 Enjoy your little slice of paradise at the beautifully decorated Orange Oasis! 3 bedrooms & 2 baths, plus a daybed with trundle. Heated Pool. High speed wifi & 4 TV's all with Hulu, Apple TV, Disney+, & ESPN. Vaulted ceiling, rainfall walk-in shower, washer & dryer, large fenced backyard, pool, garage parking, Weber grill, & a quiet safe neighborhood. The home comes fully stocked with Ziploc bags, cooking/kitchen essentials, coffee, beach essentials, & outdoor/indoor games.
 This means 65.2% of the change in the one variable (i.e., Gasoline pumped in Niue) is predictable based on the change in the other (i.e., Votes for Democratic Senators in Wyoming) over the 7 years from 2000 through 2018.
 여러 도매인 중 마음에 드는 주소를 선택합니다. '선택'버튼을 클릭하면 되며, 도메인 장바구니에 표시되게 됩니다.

· · · · · · ·

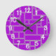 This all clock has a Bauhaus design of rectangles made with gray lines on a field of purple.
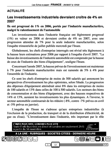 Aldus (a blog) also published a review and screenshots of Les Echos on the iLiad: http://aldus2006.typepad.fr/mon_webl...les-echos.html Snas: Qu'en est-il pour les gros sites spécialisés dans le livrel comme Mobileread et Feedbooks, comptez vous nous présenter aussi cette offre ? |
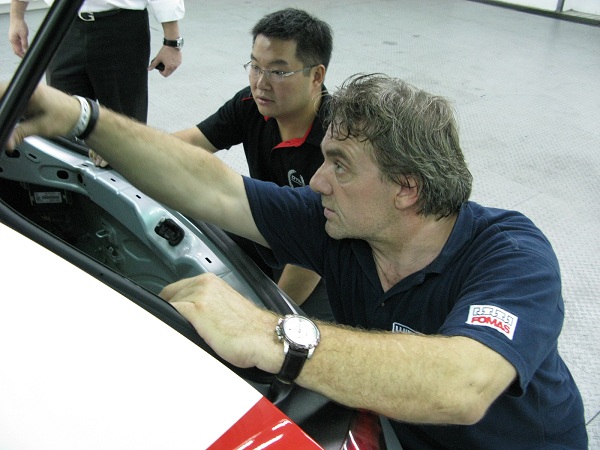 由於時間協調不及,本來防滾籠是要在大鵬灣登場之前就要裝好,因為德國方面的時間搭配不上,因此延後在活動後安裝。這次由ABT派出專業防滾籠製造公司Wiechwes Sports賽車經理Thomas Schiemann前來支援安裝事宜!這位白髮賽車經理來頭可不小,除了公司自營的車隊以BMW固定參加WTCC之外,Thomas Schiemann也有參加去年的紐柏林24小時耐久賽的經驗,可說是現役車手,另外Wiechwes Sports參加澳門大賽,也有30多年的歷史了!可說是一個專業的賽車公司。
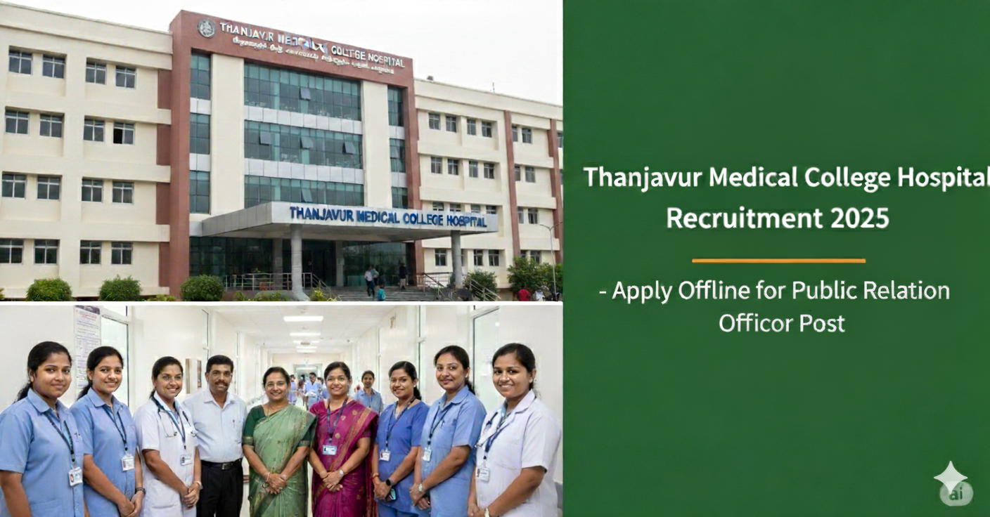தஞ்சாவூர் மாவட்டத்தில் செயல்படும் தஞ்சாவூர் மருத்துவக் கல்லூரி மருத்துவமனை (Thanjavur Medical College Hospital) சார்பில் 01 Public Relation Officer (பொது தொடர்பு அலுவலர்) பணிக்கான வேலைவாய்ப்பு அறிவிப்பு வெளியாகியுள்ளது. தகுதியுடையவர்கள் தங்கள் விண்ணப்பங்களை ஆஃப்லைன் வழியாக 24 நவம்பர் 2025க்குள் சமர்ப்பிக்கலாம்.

· · · · · · ·

» REQUIREMENT
Give again, word for word, every line of the listing above from the one with "Enjoy your little" to the one with "여러 도매인 중 마음에", both inclusive, and nothing beyond them.

» REPLY TO THE TASK
 Enjoy your little slice of paradise at the beautifully decorated Orange Oasis! 3 bedrooms & 2 baths, plus a daybed with trundle. Heated Pool. High speed wifi & 4 TV's all with Hulu, Apple TV, Disney+, & ESPN. Vaulted ceiling, rainfall walk-in shower, washer & dryer, large fenced backyard, pool, garage parking, Weber grill, & a quiet safe neighborhood. The home comes fully stocked with Ziploc bags, cooking/kitchen essentials, coffee, beach essentials, & outdoor/indoor games.
 This means 65.2% of the change in the one variable (i.e., Gasoline pumped in Niue) is predictable based on the change in the other (i.e., Votes for Democratic Senators in Wyoming) over the 7 years from 2000 through 2018.
 여러 도매인 중 마음에 드는 주소를 선택합니다. '선택'버튼을 클릭하면 되며, 도메인 장바구니에 표시되게 됩니다.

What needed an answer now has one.